Wednesday, October 14, 2009

tita malou

As a little girl, Tita Malou was the aunt who brought cakes on our birthdays. Lia and I were her only pamangkins at that time and each year as far as I can remember she would buy a fairy tale-themed cake from Joni’s at Makati and bring it all the way to Los Baños for our birthday celebrations.

On my sixth birthday, I thought she wouldn’t come. It was dark and it was raining heavily. All my guests are already at our apartment except her. Midway through the party, while the guests were busy eating, we assumed she won’t make it so mom and I went to the local bakery and bought a small mocca cake with a cheap Wonderwoman figurine on top. I was a bit sad because it wasn’t even half as pretty as a Joni’s cake, but it’s better than not having any cake at all. When we arrived back at our apartment, she was there. And at the table was my Snow White-themed cake with a number six candle waiting to be blown.

She was also the aunt with the Barbie collection. I loved vacationing at her apartment in Makati because of that.

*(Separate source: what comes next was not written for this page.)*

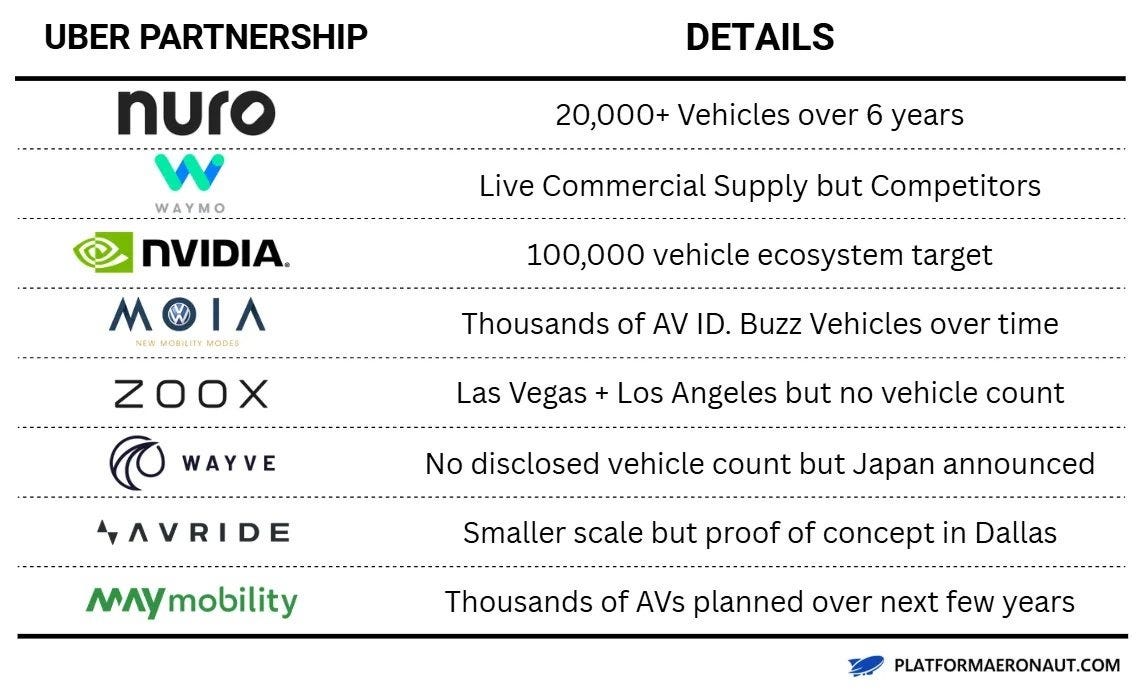That said, near to medium term, I’d be a bit concerned about Uber’s partnership with Waymo. Waymo has already announced a dozen-plus markets beyond Austin and Atlanta without Uber, which feels telling.
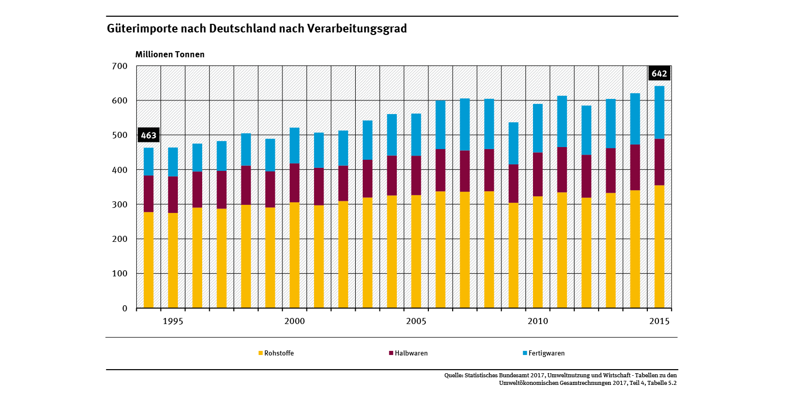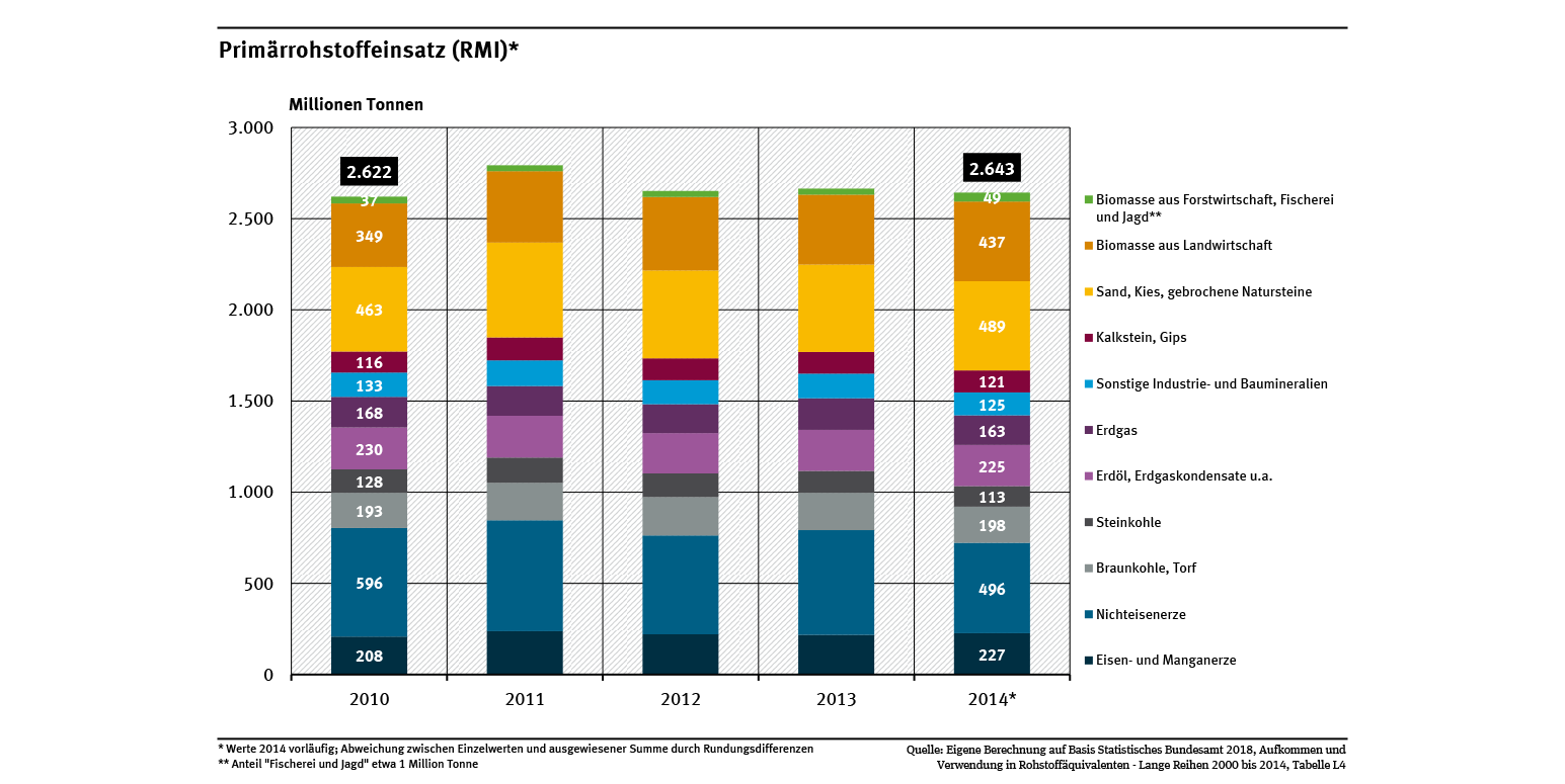 In Deutschland wurden der Natur im Jahr 2015 insgesamt 1.041 Millionen Tonnen (Mio. t) an Rohstoffen entnommen (siehe Abb. „Inländische Rohstoffentnahme“).

I can’t remember if she allowed me to play with them, but I did. I just made sure to be careful and put them back as they were when I found them: their hair untangled and both their tiny shoes still on, in their boxes on the shelf.

And she was the aunt who brought us to Tinseltown. That was how Makati used to be during the holiday season in the 80s. Trees along Ayala and Makati avenues were wrapped in colourful lights, with parols and angels, bells and trumpets. To a little Laguneñas eyes, that was awesome.

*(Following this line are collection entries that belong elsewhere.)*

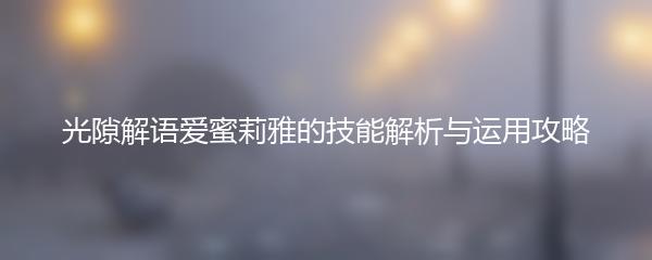 光隙解语爱蜜莉雅的技能解析与运用攻略
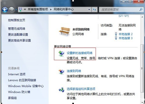 二、在网络和共享中心中选择“设置新的连接或网络”
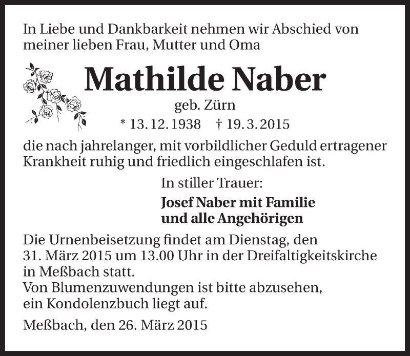 Hier finden Sie alle Traueranzeigen aus der Zeitung, die bisher für Mathilde Naber erschienen sind. Weitere Traueranzeigen, die in der Zeitung erscheinen, werden hier ebenfalls aufgelistet
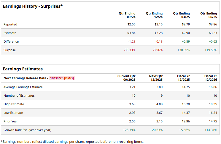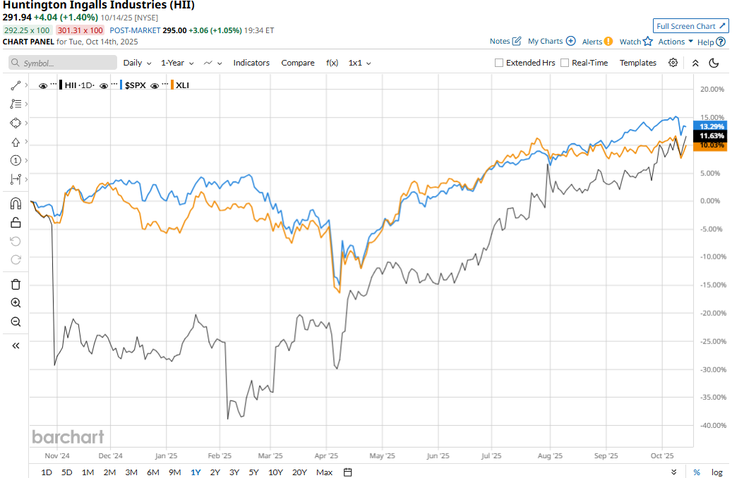 What to Expect From Huntington Ingalls’ Next Quarterly Earnings Report![]() Newport News, Virginia-based Huntington Ingalls Industries, Inc. (HII) designs, builds, overhauls, and repairs military ships in the United States. With a market cap of $11.3 billion, Huntington Ingalls operates through Ingalls, Newport News, and Mission Technologies segments. The industrial major is set to announce its third-quarter earnings before the markets open on Thursday, Oct. 30. Ahead of the event, analysts expect HII to report an EPS of $3.21, marking a notable 25.4% growth from $2.56 reported in the year-ago quarter. While the company has surpassed the Street’s bottom-line estimates twice over the past four quarters, it has missed the projections on two other occasions. For the full fiscal 2025, analysts project HII’s earnings to come in at $14.75 per share, up 5.7% from $13.96 per share reported in fiscal 2024. While in fiscal 2026, its earnings are expected to grow 14.3% year-over-year to $16.86 per share. ![]() HII stock prices have gained 11.9% over the past 52 weeks, outpacing the Industrial Select Sector SPDR Fund’s (XLI) 10.1% gains, but lagging behind the S&P 500 Index’s ($SPX) 13.4% returns during the same time frame. ![]() Huntington Ingalls’ stock prices soared 7.9% in a single trading session following the release of its better-than-expected Q2 results on Jul. 31. The company continued to make steady progress on its operational initiatives for the fiscal year 2025 and made targeted investments to stabilize its workforce and supply chain. Driven by a notable uptick in product as well as service revenues, HII’s overall topline grew 3.5% year-over-year to $3.1 billion, beating the Street’s expectations by 5.2%. Meanwhile, the company’s EPS dropped 11.9% year-over-year to $3.86, but surpassed the consensus estimates by a staggering 19.5%. Further, Huntington raised its full-year free cash from guidance from the previous range of $300 million - $500 million to $500 million - $600 million, boosting investor confidence. The consensus opinion on HII stock remains moderately optimistic, with an overall “Moderate Buy” rating. Of the 11 analysts covering the stock, opinions include three “Strong Buys,” seven “Holds,” and one “Moderate Sell.” As of writing, the stock is trading slightly above its mean price target of $287.60. On the date of publication, Aditya Sarawgi did not have (either directly or indirectly) positions in any of the securities mentioned in this article. All information and data in this article is solely for informational purposes. For more information please view the Barchart Disclosure Policy here. |

Then there were the fireworks during the New Year. There was nothing like it back in Laguna. There were trumpillos and fountains, both of which were more dazzling than our usual luces and Roman candles. The following New Year, I think I begged my dad to include both on our fireworks repertoire back home.

She was the aunt who brought us to Enchanted Kingdom when it was newly opened. And to Kenny Rogers. And Baguio.

She was the aunt who let me spend time with her in Makati, taking me to her place of work, SM and Quad. She amazed me with her English, and her heels and her CD collection. She travelled to Brunei and the US. She even wanted all of us to go visit Disneyland Hong Kong.

Unfortunately, that didn’t happen.

Tita Malou was diagnosed with stage four breast cancer. I didn’t know about it until she was already undergoing chemotherapy. Unfortunately, I didn’t get to see her during that difficult time in her life. I guess I took her for granted. But she was a strong woman and she overcame that challenge on her own, with very little assistance from us.

After two or three years, she had a remission. She just migrated to the US during that time when she experienced chills and had fever for an unknown reason. The doctors confirmed the cancer was back, this time in her bone marrow. She went back to the Philippines to get the necessary treatments, and for a while, she seemed to get better. The whole family was even able to go on a trip to the beach that summer. My aunts, uncles and cousins from the US and Dubai all flew back so we can all spend a little time with her.

At that time, I had my own scare too. I was diagnosed with a lump on my right breast but fortunately, the biopsy result showed it was benign. When I told her about my surgery, she spoke to me as a caring and worried aunt. I’m sure she told me a lot but the only thing I remember now is one syllable: “tsk.” Unfortunately, I can’t recall what that was for.

She was confined at the Makati Med for several months and I visited her a couple of times. Sometimes her friends would come over to pray over her, chat with her and just be with her. One time I caught her while she was having her chemo. She was so weak it was painful to look at her. She wasn’t the Tita Malou I knew. She wasn’t the aunt who brought Joni’s cakes, the fashionable Makati girl, the aunt who was strict but caring, the aunt who brought us to Enchanted Kingdom and Baguio. I felt she was slowly fading away.

She died the month of my birthday and I was there when her body was cremated at the Loyola Chapels. I was with dad and my Tita Liza. I cried that day but I was relieved too because finally, she was free and she can finally be with God and my Lolo, her father.

My Lola used to ask “bakit ba naman yun ay napabayaan?” referring to my Tita Malou’s breast cancer. Perhaps if the lump were detected before it became cancerous, things would’ve been different and she would still be with us now. I also regret not having spent a lot of time with her and not being able to really get to know her. But the past is over and what happened is done.

Let’s avoid could’ve beens and act when we can – now. I encourage you, my lady friends, to check your breasts regularly each month and undergo ultrasound scans or mammograms annually. Do it before it’s too late.


October is National Breast Cancer Awareness Month.